The association lasted until 1969 when Sparks formed his own band, the Lonesome Ramblers, and made bluegrass music his full-time profession.
One of the most striking cuts on "Special Delivery" is a return to the years with Ralph Stanley, a remake of "Snow Covered Mound."
"We (he and Ralph) recorded that in '68, I think," relates Sparks, now 53.
The song, a classic tribute in the bluegrass style to a dear, departed mother had been on his mind since his own mother's passing earlier this year, and he felt the song needed to be revisited.
"It had been just too long...you're looking at 32 years. I don't think anybody's done it since then, and I thought it was just a real good song to bring out and record again. It would be a new song to a lot of people."
Perhaps new to some, but Sparks shows that he still can capture the Stanley Sound, it's hard to believe in listening to it that Stanley wasn't sitting in on the session.
On "Special Delivery," Sparks also indulges again his passion for songs that spin a good yarn, and he makes no excuses for it - he loves to tell a story.
"I kind of like to go that route a lot, it keeps you away from too many love songs...which are okay, but I think the music's been really saturated with them over the years, and I think it's good and fresh to bring in the things that are not so much the love songs."

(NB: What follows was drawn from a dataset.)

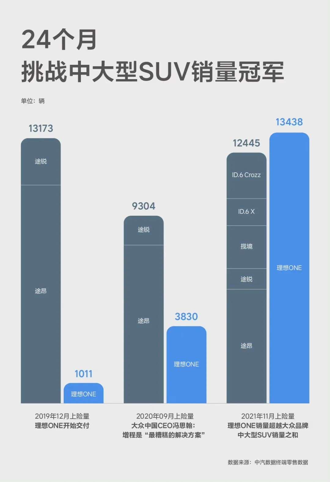 直到前些天,理想CEO李想发布了一张“24个月挑战中大型SUV销量冠军”的统计图,矛头直指大众中大型SUV。

The album's opening cut is "Colleen Malone," a tune made familiar to many bluegrass fans by the (now defunct) Colorado band Hot Rize on their final album a decade ago.
"I hadn't heard their version, and I didn't know they'd recorded it," says the Ohio native, who now lives in Indiana.
Instead, he got it directly from the source - longtime friend Pete Goble, whose frequent collaborations with his partner Leroy Drumm have made them something akin to the Rodgers and Hammerstein of bluegrass. Their songs have been recorded dozens of times by probably an equal number of bands, and Sparks has drawn on their work for favorites in the past - "Blue Virginia Blues" and "Tennessee 1949," to name just a couple.
"That song ("Colleen Malone") has such a good story, and it needs to be told. It needs to be sung. It needs to be recorded. I think that type of story needs to be treated right. It needs the right feel for it, and I think I did what I went for. They (Goble and Drumm) have a lot more of the story songs, they tell a good story. I think by doing those kinds of songs, it keeps the music up to date, but you still keep the grip on what's traditional."
Another of Sparks' favorite "story" songwriters is Gary Ferguson, himself an accomplished bluegrass singer, guitarist and bandleader. "Special Delivery" features two Ferguson tunes, the introspective "Timberline," and the moving, poignant "The Undelivered Message."
The latter is yet another musical story, this time of a young man who leaves his native Gettysburg to join the ranks of the Grey, only to die on Culp's Hill where he played as a boy. It's material that's tailor-made for Sparks' low-key, yet intensely emotional style of singing, and he's grateful that such material is still being written.
"I feel very fortunate to get hold of some of Gary's songs, and some of Pete's and Leroy's too...even their love songs are fresh, they're good, strong numbers."
The song for which Sparks is perhaps best known is "John Deere Tractor," the title song of his 1976 Rebel album (also covered later by The Judds). It's yet another story song that delves into other favorite themes - solitude, loneliness and the lament for the past. It's a song that is echoed on the new album by "Ghost Stories" (which also uses the image of a forlorn tractor), and Sparks agrees that the songs are similar. "They (are) a lot, this (song) might do it more than others, yeah."